Top
Best
New

Posted by lcolucci 3 hours ago

Show HN: LemonSlice – Upgrade your voice agents to real-time video

Hey HN, we're the co-founders of LemonSlice (try our HN playground here: https://lemonslice.com/hn). We train interactive avatar video models. Our API lets you upload a photo and immediately jump into a FaceTime-style call with that character. Here's a demo: https://www.loom.com/share/941577113141418e80d2834c83a5a0a9

Chatbots are everywhere and voice AI has taken off, but we believe video avatars will be the most common form factor for conversational AI. Most people would rather watch something than read it. The problem is that generating video in real-time is hard, and overcoming the uncanny valley is even harder.

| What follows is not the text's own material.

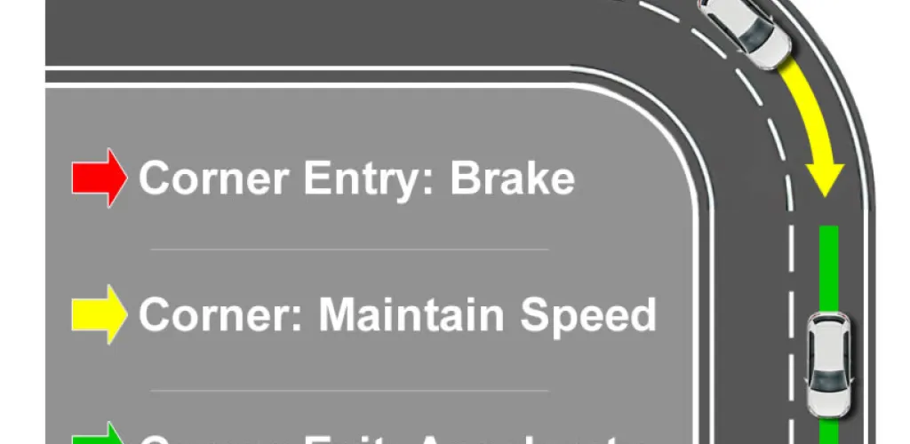 Wenn wir eine Kurve einleiten, ist das Fahrzeug noch darauf ausgelegt, aufgrund seiner Trägheit geradeaus weiterzufahren. Wenn wir nach rechts abbiegen, wird unser Körper nach links gedrückt und umgekehrt. Wenn das Bremsen zu einem Zeitpunkt erfolgt, an dem die Zentripetalkraft und die Zentrifugalkraft maximal wirken, verliert das Heck des Autos an Traktion und wird nach außen gedrückt. Zusätzlich zu dem Umstand, dass das Auto ohnehin weniger stabil in der Kurve ist, werden die Ergebnisse nicht gut sein, wenn wir das Bremsen, das den Schwerpunkt verändert, hinzufügen.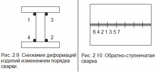 Значительное уменьшение деформации достигается способом обратноступенчатой сварки. При этом способе кромки деталей, подлежащие сварке, делят на части, которые сваривают в последовательности, показанной на рисунке 2.10. Коробление изделия в данном случае получается значительно меньше, т.к. деформации коротких швов не в состоянии вызывать значительную деформацию всего изделия.

We haven’t broken the uncanny valley yet. Nobody has. But we’re getting close and our photorealistic avatars are currently best-in-class (judge for yourself: https://lemonslice.com/try/taylor). Plus, we're the only avatar model that can do animals and heavily stylized cartoons. Try it: https://lemonslice.com/try/alien. Warning! Talking to this little guy may improve your mood.

Today we're releasing our new model* - Lemon Slice 2, a 20B-parameter diffusion transformer that generates infinite-length video at 20fps on a single GPU - and opening up our API.

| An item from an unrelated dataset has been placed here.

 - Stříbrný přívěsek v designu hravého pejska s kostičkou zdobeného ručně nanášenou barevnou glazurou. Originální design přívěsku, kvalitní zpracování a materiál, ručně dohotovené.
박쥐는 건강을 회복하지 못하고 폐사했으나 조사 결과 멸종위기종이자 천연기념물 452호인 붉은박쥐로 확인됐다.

How did we get a video diffusion model to run in real-time? There was no single trick, just a lot of them stacked together. The first big change was making our model causal. Standard video diffusion models are bidirectional (they look at frames both before and after the current one), which means you can't stream.

From there it was about fitting everything on one GPU. We switched from full to sliding window attention, which killed our memory bottleneck. We distilled from 40 denoising steps down to just a few - quality degraded less than we feared, especially after using GAN-based distillation (though tuning that adversarial loss to avoid mode collapse was its own adventure).

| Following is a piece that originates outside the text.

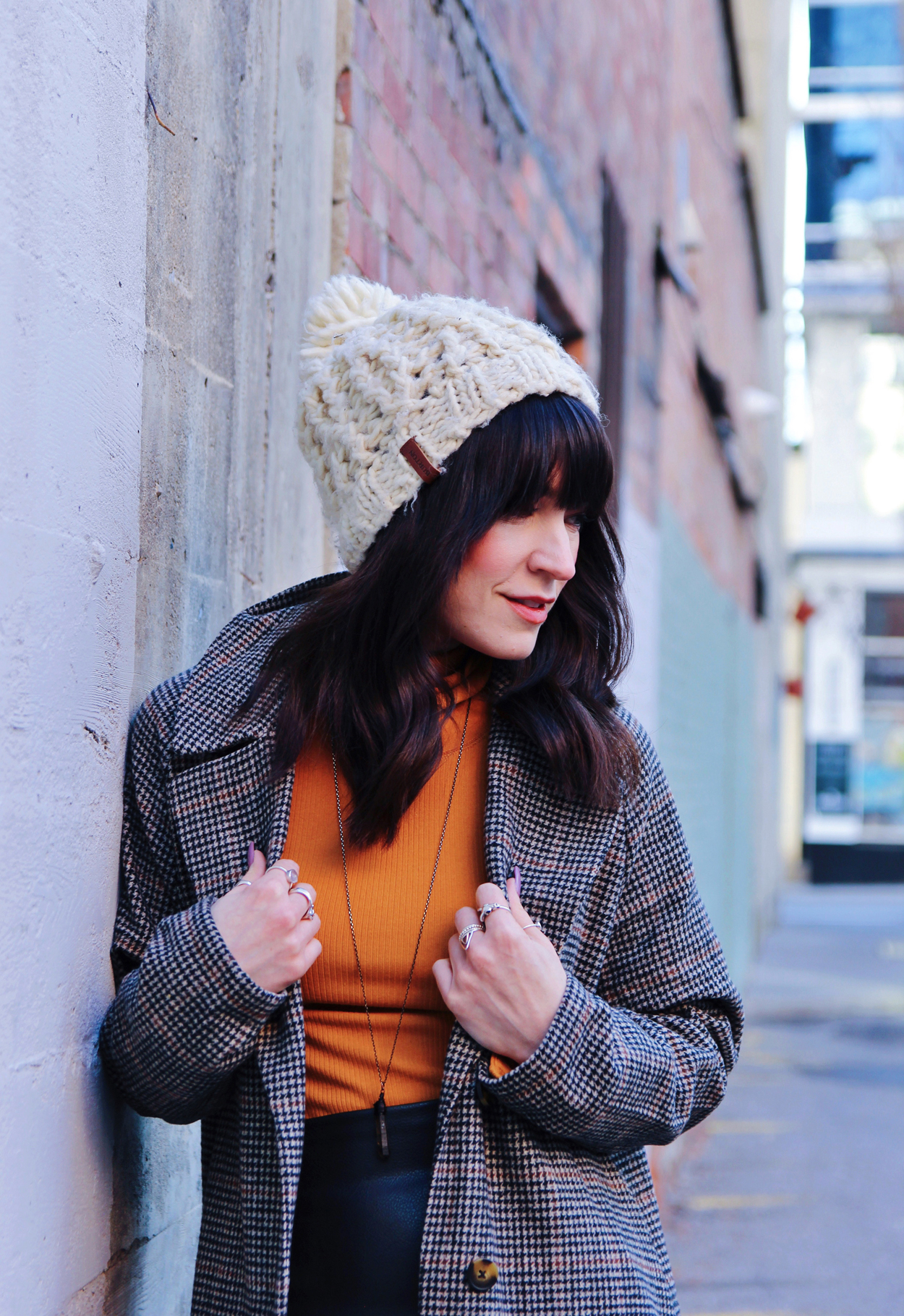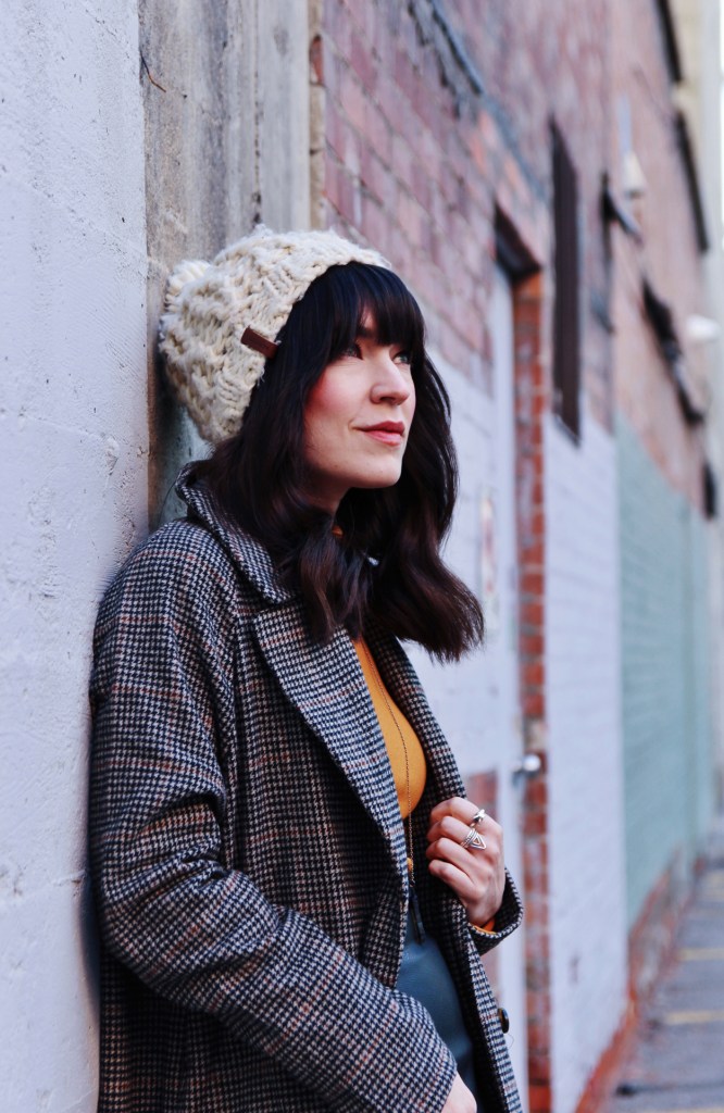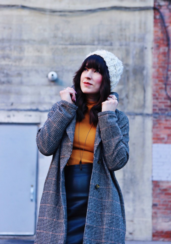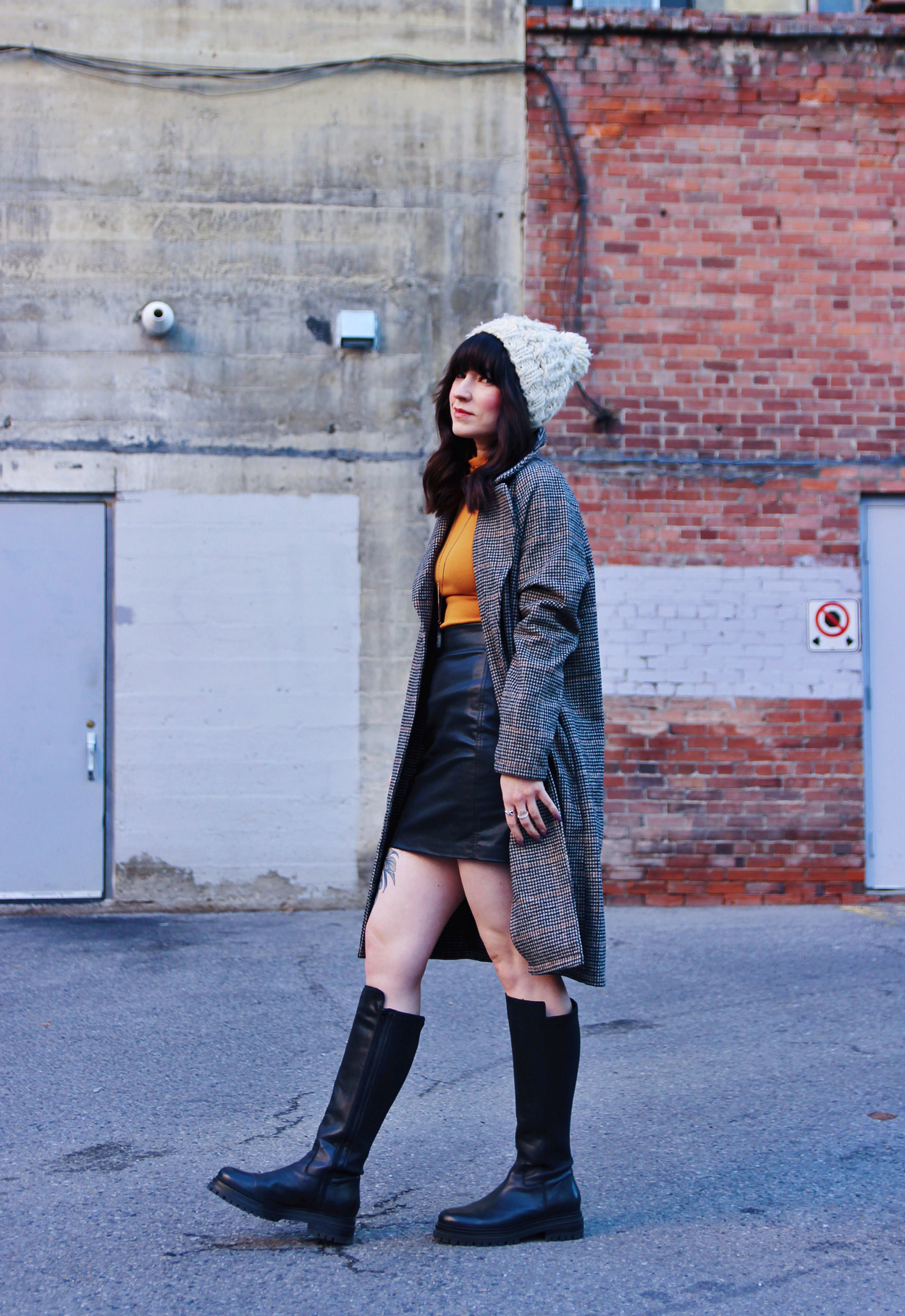 This oversized plaid coat is what autumn dreams are made of! I love having a variety of different types of plaid in my wardobe, and houndstooth was lacking, so purchasing this coat was a must! For the rest of look, I added one of my favourite skirts, and this yellow turtle neck. To accessorize, I added these tall boots from Miz Mooz, that i’m currently obsessed with, and this wool beanie.

And the rest was inference work: modifying RoPE from complex to real (this one was cool!), precision tuning, fusing kernels, a special rolling KV cache, lots of other caching, and more. We kept shaving off milliseconds wherever we could and eventually got to real-time.

We set up a guest playground for HN so you can create and talk to characters without logging in: https://lemonslice.com/hn. For those who want to build with our API (we have a new LiveKit integration that we’re pumped about!), grab a coupon code in the HN playground for your first Pro month free ($100 value). See the docs: https://lemonslice.com/docs. Pricing is usage-based at $0.12-0.20/min for video generation.

Looking forward to your feedback!

EDIT: Tell us what characters you want to see in the comments and we can make them for you to talk to (e.g. Max Headroom)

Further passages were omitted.